Identification of a d-Arabinose-5-Phosphate Isomerase in the Gram-Positive Clostridium tetani

Abstract

d-Arabinose-5-phosphate (A5P) isomerases (APIs) catalyze the interconversion of d-ribulose-5-phosphate and d-arabinose-5-phosphate. Various Gram-negative bacteria, such as the uropathogenic Escherichia coli strain CFT073, contain multiple API paralogs (KdsD, GutQ, KpsF, and c3406) that have been assigned various cellular functions. The d-arabinose-5-phosphate formed by these enzymes seems to play important roles in the biosynthesis of lipopolysaccharide (LPS) and group 2 K-antigen capsules, as well as in the regulation of the cellular d-glucitol uptake and uropathogenic infectivity/virulence. The genome of a Gram-positive pathogenic bacterium, Clostridium tetani, contains a gene encoding a putative API, C. tetani API (CtAPI), even though C. tetani lacks both LPS and capsid biosynthetic genes. To better understand the physiological role of d-arabinose-5-phosphate in this Gram-positive organism, recombinant CtAPI was purified and characterized. CtAPI displays biochemical characteristics similar to those of APIs from Gram-negative organisms and complements the API deficiency of an E. coli API knockout strain. Thus, CtAPI represents the first d-arabinose-5-phosphate isomerase to be identified and characterized from a Gram-positive bacterium.IMPORTANCE The genome of Clostridium tetani, a pathogenic Gram-positive bacterium and the causative agent of tetanus, contains a gene (the CtAPI gene) that shares high sequence similarity with those of genes encoding d-arabinose-5-phosphate isomerases. APIs play an important role within Gram-negative bacteria in d-arabinose-5-phosphate production for lipopolysaccharide biosynthesis, capsule formation, and regulation of cellular d-glucitol uptake. The significance of our research is in identifying and characterizing CtAPI, the first Gram-positive API. Our findings show that CtAPI is specific to the interconversion of arabinose-5-phosphate and ribulose-5-phosphate while having no activity with the other sugars and sugar phosphates tested. We have speculated a regulatory role for this API in C. tetani, an organism that does not produce lipopolysaccharide.
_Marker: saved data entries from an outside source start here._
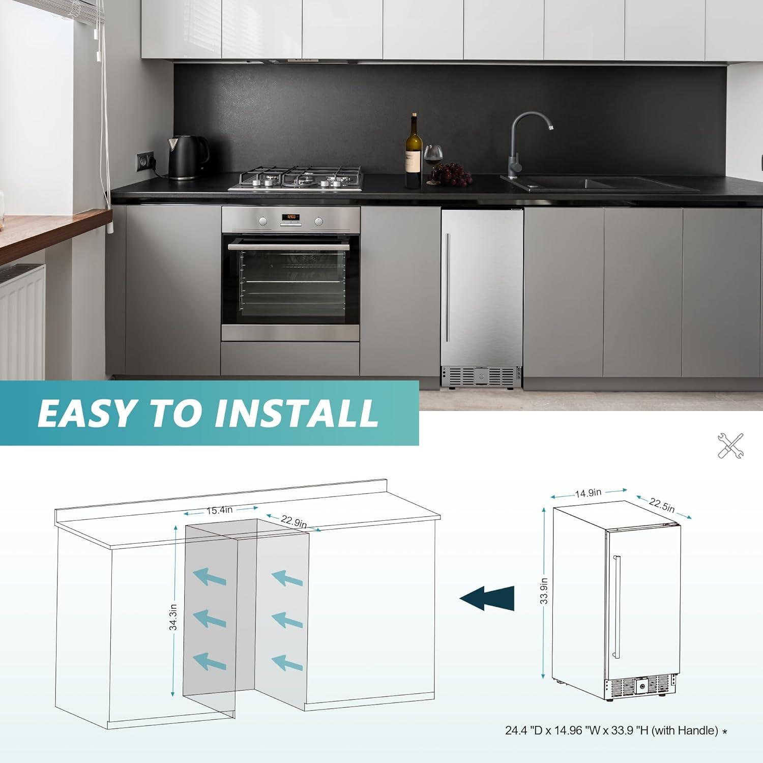 EUHOMY 24 Inch Beverage Refrigerator, Built-in and Freestanding Beverage Cooler 180 Can, Under Counter Beverage Fridge with Stainless Steel Door, Outdoor Refrigerator for Soda, Beer, Wine(15" Stainless Steel Refrigerator)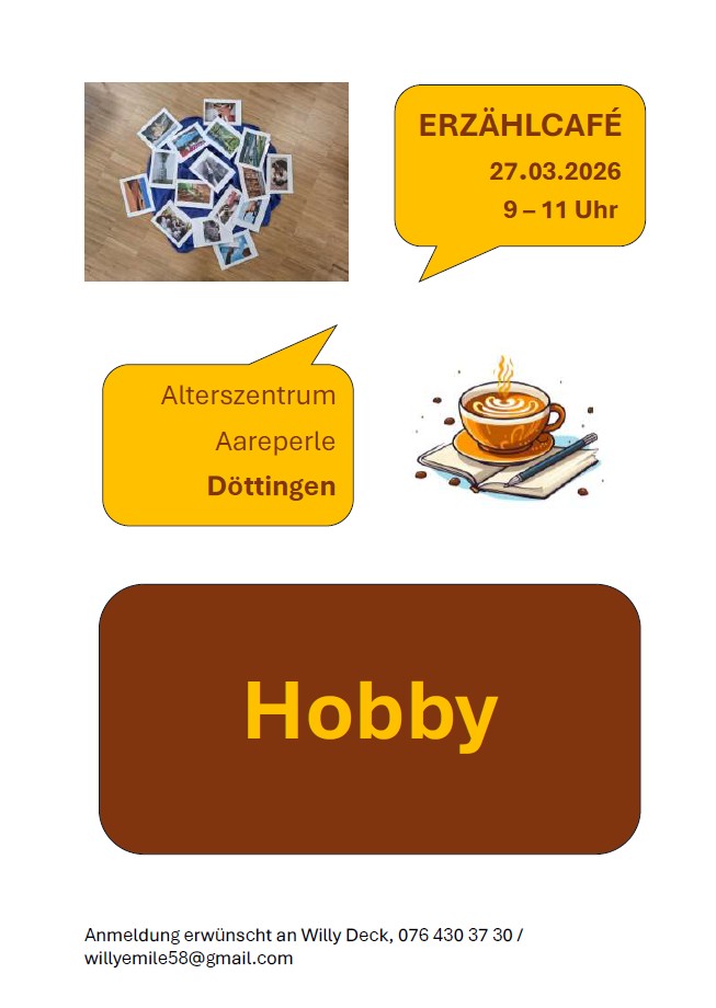 Wir alle haben unsere Lieblingsbeschäftigung. Sei es Malen, Musizieren, Kochen. Sammeln oder Wandern und vieles mehr. Wir alle haben etwas zu erzählen und Neues zu erfahren. Gerne lade ich euch zu diesem spannenden Erzählcafé ein.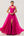 Fuchsia A-Line Strapless Corset Pockets Floral Maxi Dress with Slit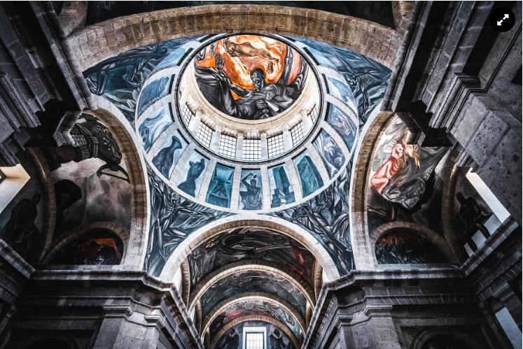 Between 1936 and 1939, Jalisco-born muralist José Clemente Orozco painted 57 frescoes across the chapel’s walls, arches, and soaring dome, creating what many call “the Sistine Chapel of the Americas.” The centerpiece is El Hombre en Llamas (The Man of Fire), a flaming optical illusion painting on the dome that seems to follow you as you move. The only other building that has given me such a feeling of being both grounded and dizzy is the M.C. Escher Museum in The Hague. Seemingly, the longer you stare, the more Orozco’s flames dance.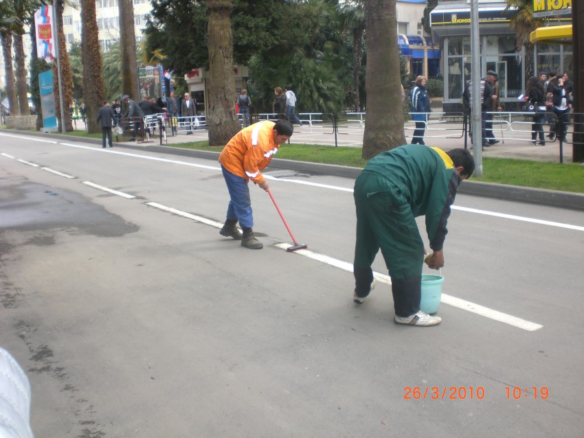 Наконец в Сочи применили нано технологии в дорожных работах, в частности теперь дорожную разметку наносят распыляя из специального устройства микророботов.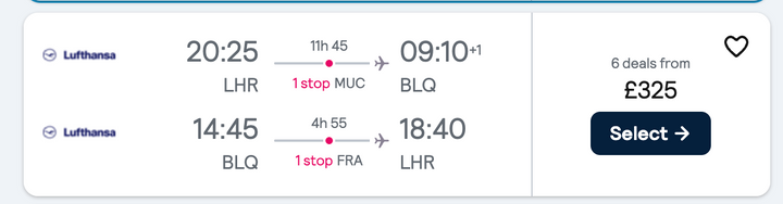 Starts looking at cheap Skyscanner flights to Bologna Airport...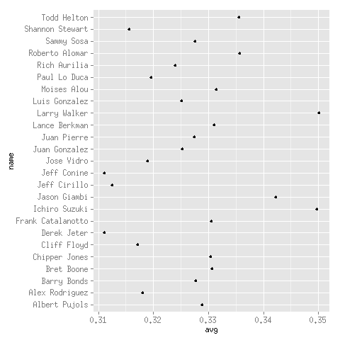 # PDSの手法で、X軸とY軸を入れ替えてみる graph = preGraph("fig-3.29.png") r('p <- ggplot(tophit, aes(x=avg , y=name)) + geom_point(size=3) + coord_flip() + theme(axis.text.x=element_text(angle=60, hjust=1))') r('plot(p)') postGraph(graph)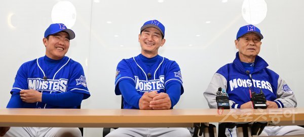 20일 서울 잠실야구장에서 열린 두산베어스 ‘곰들의 모임’ 환담회 및 최강야구와 연습 경기에 앞서 최강야구 정근우, 박용택, 김성근 감독이 답변 후 웃고 있다.

Keywords: Clostridium tetani; aldose-ketose isomerase; arabinose-5-phosphate; isomerase; kinetics; ribulose-5-phosphate.

FIG 1

Multiple-sequence alignment of the sequences of CtAPI and the APIs of E. coli. Sequences were aligned using Clustal W (27). An asterisk denotes residues absolutely conserved, a colon denotes conservative replacements, and a period denotes semiconservative replacements.

FIG 2

Genomic contexts of gutQ in E. coli K-12 MG1655 (A) and the gene encoding CtAPI in C. tetani (B). Genes potentially involved in sugar metabolism and transport are shaded in dark gray.

FIG 3

Complementation of the A5P deficiency of E. coli strain TCM15 on an LB agar plate. (Left side of plate) Agar containing LB medium supplemented with 15 μM A5P, 10 μM G6P, and 0.1 mg/ml ampicillin. (Right side of plate) Agar containing LB medium supplemented with 0.1 mg/ml ampicillin. On both sides, the wedges were streaked with E. coli TCM15 harboring pT7-7-c3406 (positive control, wedge 1), E. coli TCM15 harboring pT7-7 (vector control, wedge 2), and E. coli TCM15 harboring pT7-7-CtAPI (CtAPI, wedge 3).